I enjoyed reading the book a few weeks ago at the time when I decided to go back to my alcohol-free ways (after a rocky period of moderation). I simply could not put it down, and found it such a wonderful refresher for me in aligning back with all of the reasons why I feel my life is so much more enriching without alcohol in it.

So here we go – my chat with Annie Grace!

I really identified with the concept of ‘spontaneous recovery’ in the book as this is what I went through. One day I just woke up and I was done with alcohol. Do you classify your recovery as being like this? Or did it take many tries and fails before you got to the point of stopping? 

[Annie] I feel my epiphany about alcohol was perfectly in line with the phenomenon of ‘spontaneous sobriety’ that I discuss in my book. I knew that I had a deep internal conflict between my emotional desire for alcohol (feeling like I was missing out without it) and my logical and practical desire to drink less – or stop all together. I felt that my desire to drink were coming from below my conscious awareness – because they were emotional – yet my conscious desire was to not drink. I felt that if I could re-program my unconscious mind to where it was before I ever drank, I would be able to let go of alcohol painlessly. I spent about a year researching all the reasons I drank and how exactly to speak to the unconscious mind. Then one day it all clicked. My emotional desire for alcohol was gone. Poof! It was as if my desire to drink had been surgically removed from my brain and I had no desire whatsoever to drink. That was almost 3 years ago – and I still feel the same! So yes, ‘spontaneous’ perfectly describes my experience. And once it happened I did not go through any tries and fails.

What was your ‘tipping point’ when you decided to stop?

[Annie] As mentioned above it was more of an epiphany moment than anything. I did not put limits on myself during my period of research into alcohol. I simply decided to list every single reason I gave for drinking (it makes me happy, it relaxes me etc.) and went through them one by one to prove if they were objectively true or not. Once I got through them all it was so clear that there was no benefit for me in alcohol and that stopping was the only logical thing to do. Through the research, my unconscious mind was reprogrammed to the point where I no longer felt any emotional desire to drink; in that moment everything changed.

The tipping point when I decided I needed to stop drinking happened when as I was returning from a business trip in London. I’d been out drinking late the night before with some colleagues, but I had to wake up early to get to the airport and I felt awful. I stopped at the hotel restaurant and, desperate to take the edge of my hangover, ordered a mimosa. The waitress told me that it was so early they weren’t yet opening the champagne.
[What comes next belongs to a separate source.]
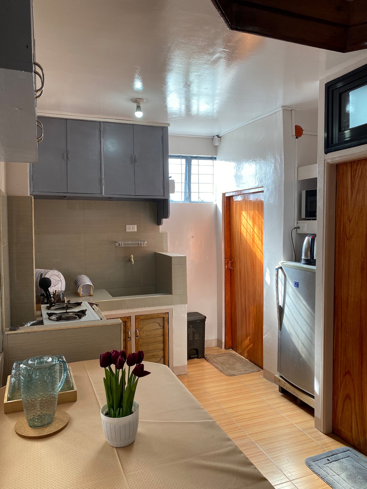 Največ 10 oseb. 3 sobe, 1 veliko podstrešje Soba 1: 1 zakonska postelja (Queen), kavč Soba z 2 enojnima posteljama *Soba 3 – dve nadstropji Predelano stanovanje – 1 zakonska postelja (Queen), 2 enojni postelji, raztegljiva postelja Soba z raztegljivim kavčem in izvlečnim ležiščem 3 postelje in zajtrk, vroča/hladna prha Brisače Popolnoma opremljena kuhinja z brezplačno 19-litrsko (5 galon) steklenico vode med bivanjem Območje balkona Wi-Fi/Smart TV v prenočišču Globe Varnostna kamera To je enota na nižji ravni pod glavnim nadstropjem. Na voljo so stopnice navzgor in navzdol. Prosimo, da se o vremenskih razmerah seznanite na strani PAGASA DOST. Nudimo nastanitev pri družini in ne uporabljamo generatorja.
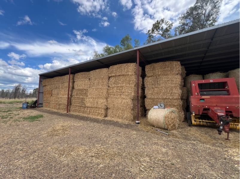Notes: Nice shedded line of irrigated Oaten hay, holding good hay aroma. Lost some colour during the drying process due to teddering. Chopped with great bales, excellent weaner hay.

But I was so desperate that, although I had never drank hard alcohol in the morning (it was one of those lines that I figured if I didn’t cross then my drinking habits were still OK), I ordered a vodka and orange juice. I rationalized by telling myself the OJ made it a ‘breakfast drink’. But the reality was that I was drinking vodka at 6 in the morning… and I drank a few before heading out to the taxi.

I got to the airport feeling awful. Shameful, physically rotten and worthless. I sat down on a bench, finally unable to avoid reality. Drinking vodka at 6am was something I never thought I would do. I was headed back home to my family – my husband and two small boys. I knew I would arrive home a shell of myself. It’s bad enough to be jet-lagged but I’d compounded it with late boozy nights and no sleep. They deserved the best of me and I was giving them the worst. That was the point when I knew I had to change and so I set out to figure out how.
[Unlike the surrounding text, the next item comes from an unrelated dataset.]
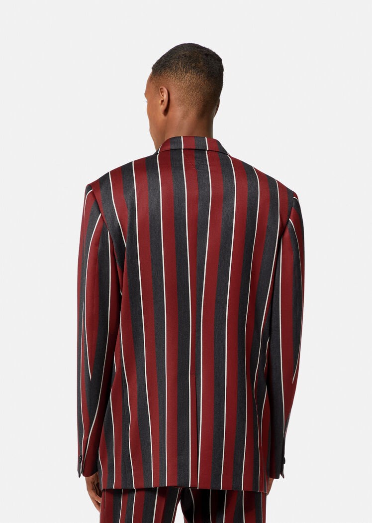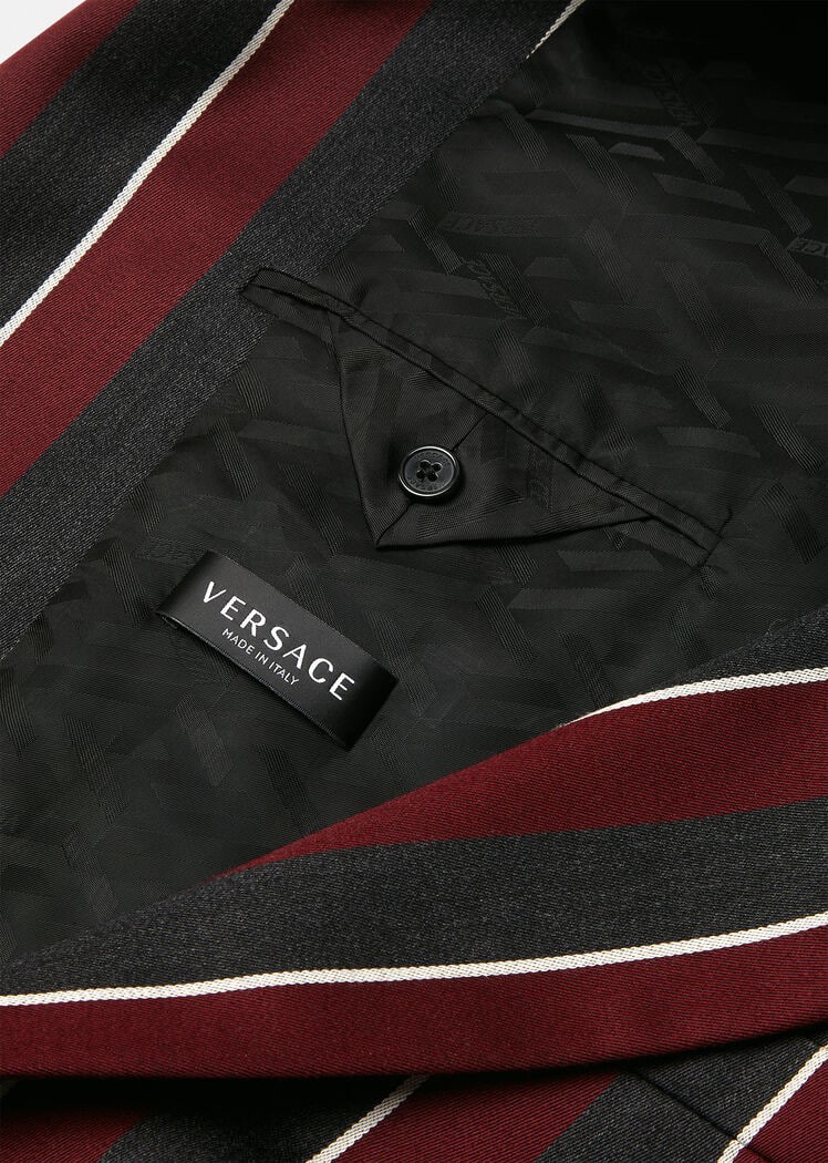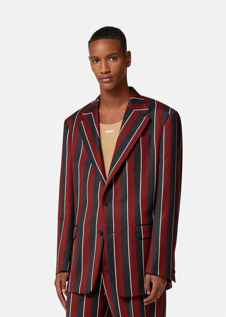 Fully lined, this single-breasted wool blazer features Regimental Stripes and a notch collar.

The book is very convincing and effective, and is almost written in a way that is hypnotic in repetition – do you utilize hypnotherapy as an approach in the book?

[Annie] I read a book called ‘hypnotic writing’ which was very helpful as I was drafting the book but I have no other experience with hypnotherapy although I am curious about it as I’ve heard it can be quite effective.
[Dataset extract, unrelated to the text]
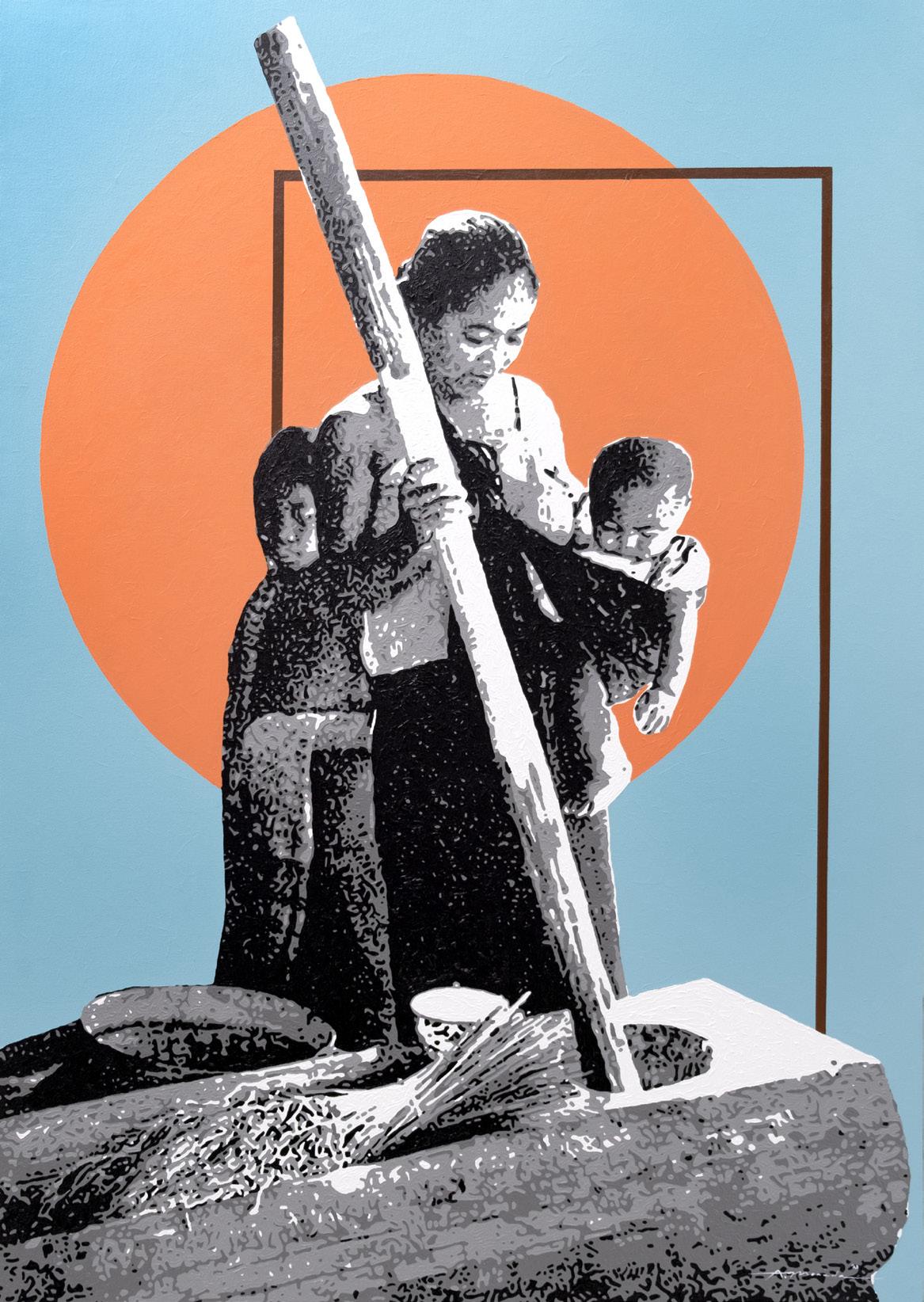 Rice Pounders 24 x 40 in Acrylic on Canvas

How has your life changed since publishing This Naked Mind?

[Annie] I had a baby recently, that is the biggest change. But I realize you are asking the question in regards to the book :-). I’ve been able to leave the corporate world and focus on writing second book which I hope to publish soon, although my expanding family has meant things are progressing slower than I had hoped.

I think the biggest change is all the amazing letters I receive from people whose lives have been changed. It’s not only that their lives have changed, but they are also taking the message of freedom from alcohol forward into others’ lives. Witnessing the ripple effect has been truly incredible.

What advice would you have given yourself in your twenties if you could go back in time?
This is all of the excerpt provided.